When I got in I messaged my friend Juliet and then decided to phone my mum right away. When I told her I burst into tears again. She said she would come down for the planning meeting for moral support and to ask questions in case I became overwhelmed. When the boys got in we had dinner and I told them after dinner. They took it in their stride as I emphasised that I was “going to be alright”.

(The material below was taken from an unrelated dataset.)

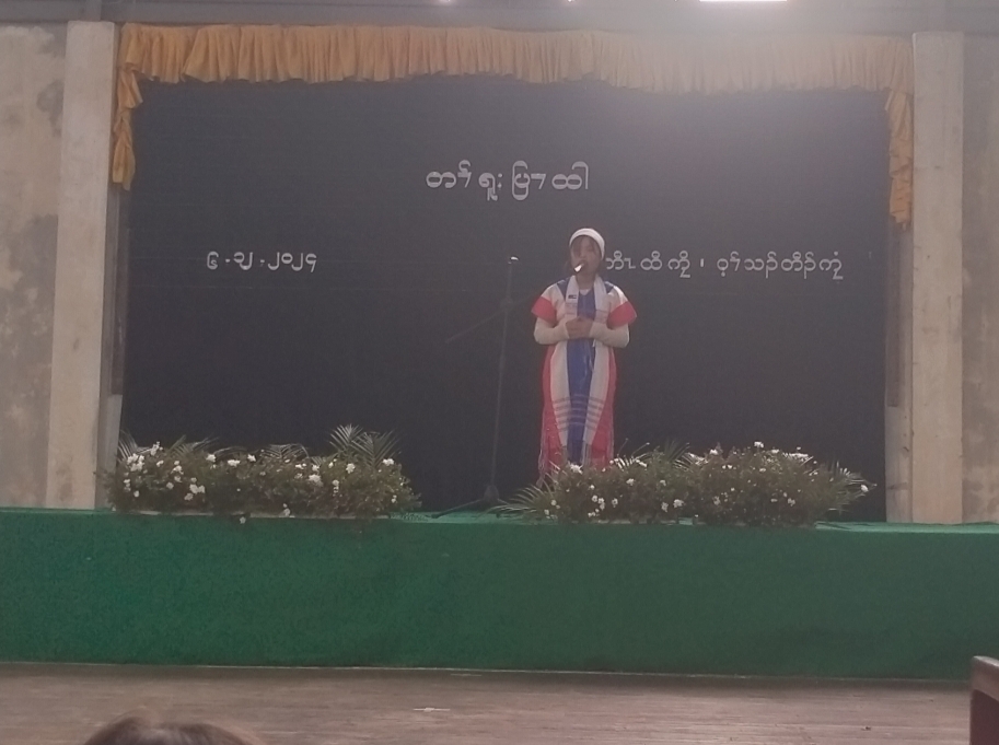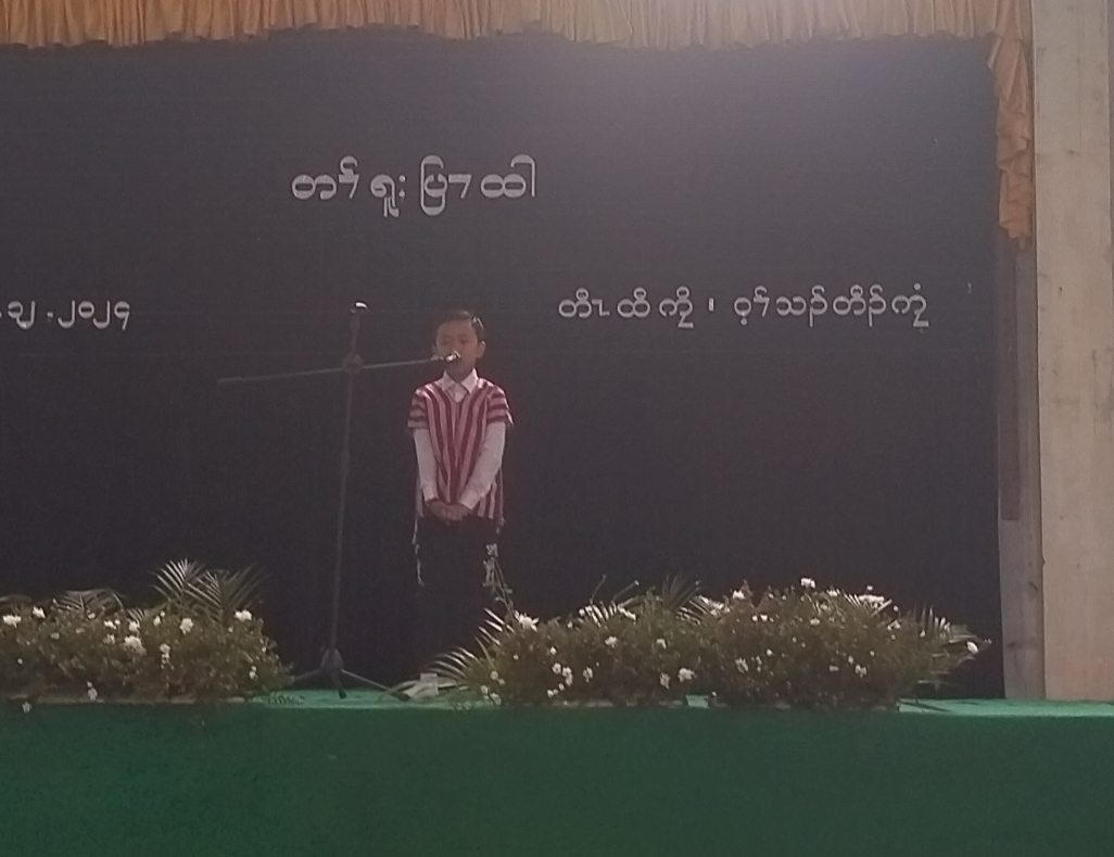 ဆက်လက်ပြီး အထက်တန်း၊ အလယ်တန်း၊ မူလတန်းအဆင့် စကောကရင်ဘာသာ ကဗျာရွတ်ပြိုင် ပွဲကိုပြုလုပ်ရာ ကျောင်းသူ/ကျောင်းသား(၅၀)ဦးတို့က ဝင်ရောက်ပါဝင်ယှဉ်ပြိုင်ခဲ့ကြပြီး ဆုရရှိသည့် ကျောင်းသူ/ကျောင်းသားများအား တာဝန်ရှိသူများက ဆုများအသီးသီး ချီးမြှင့်ပေးအပ်ခဲ့ကြောင်း သိရသည်။

When I got to work the next day I handed in my self-cert sickness forms for the apt the previous day and for the planning appt the next week. I told my boss what was going on. I didn’t realise at the time but he was having trouble processing the information too as he later asked me to repeat the timescale for what was happening. Or he could just have been doing man-listening.
dyllanne: (Default)
On Wednesday the 15th August I was up early as I was nervous. I spent the morning trying to keep busy by checking my email, tidying the washing away, doing some prep for dinner in the evening. I drove to the subway. Normally I’d walk, but I didn’t really have time for walking. I went up to Buchanan St bus station and met my mum. We came down the road and got some lunch. We drove to the New Victoria infirmary and got to the clinic for the appointment in plenty time. When I was called I met the consultant (Mr Lazlo Romics) who said that I would have an operation in a month to remove the tiny mass which is cancerous as suspected. They would also take a couple of sentinel nodes for biopsy. I would have some hormone therapy (maybe Tamoxifen, maybe something else) as this was hormone receptive which was good and it means it will respond to treatment. I will have radiotherapy and then that’ll be it unless the biopsy reveals something more sinister, but that’s less likely as it’s so early stage. So in the spectrum of how bad this could be this is at the good end. Then I went off to talk to my nurse, Linda, and I asked all my questions about the treatment and likely side effects and how long I’d be off work and what the followup would be. I also asked her if it was likely to be familial and she said no as although my aunt had had it, she wasn’t a first degree relative. She gave me a load of leaflets and her number in case I thought of something else to ask or needed a chat. After that my mum and I had a cup of tea and then went to my pre-op assessment where I was weighed and measured and had my blood taken and BP done and answered all of the health questions, most of which were negative as I am in very good health. And it was a good job that I have lost 5 stone in the past year or so otherwise the operation would be much riskier. At the end of it mum and I agreed that in a shitty situation I was at the good end of it and that things would be alright. When I got home in the evening I told my husband and son what was happening and they have compartmentalised it and will deal with things when they have to.
dyllanne: (Default)
Now the waiting. I have been told that my surgery will be in a month, but I don’t have a date yet. I am telling people at work. Many know already because I posted it on facebook, so I have had a lot of hugs in the kitchen and two bunches of flowers. My main message is always “don’t be worried or sad, because things are going to be alright”. I have however had several emotional breakdowns. Once during a 1:1 with my boss. I had a difficult moment at SW when I won Woman of the Year without telling them that I had cancer. I also have had a panic about nerve damage in my arm as it’s in my dominant arm and nerve damage to my hand would be disastrous. Bad thoughts like that woke me early and I couldn’t get back to sleep.
dyllanne: (Default)
On Friday 24th August I got a phonecall from the breast cancer nurse that my appointment for my surgery is 730am on Friday 7th September at Gartnavel. So now it's real.

In the evening I was supposed to go to a wedding and normally I'd just force myself to go and then it would be alright once I was out. And I just could not force myself. I felt very guilty as I said I'd go, but I just didn't feel that I wanted to at all.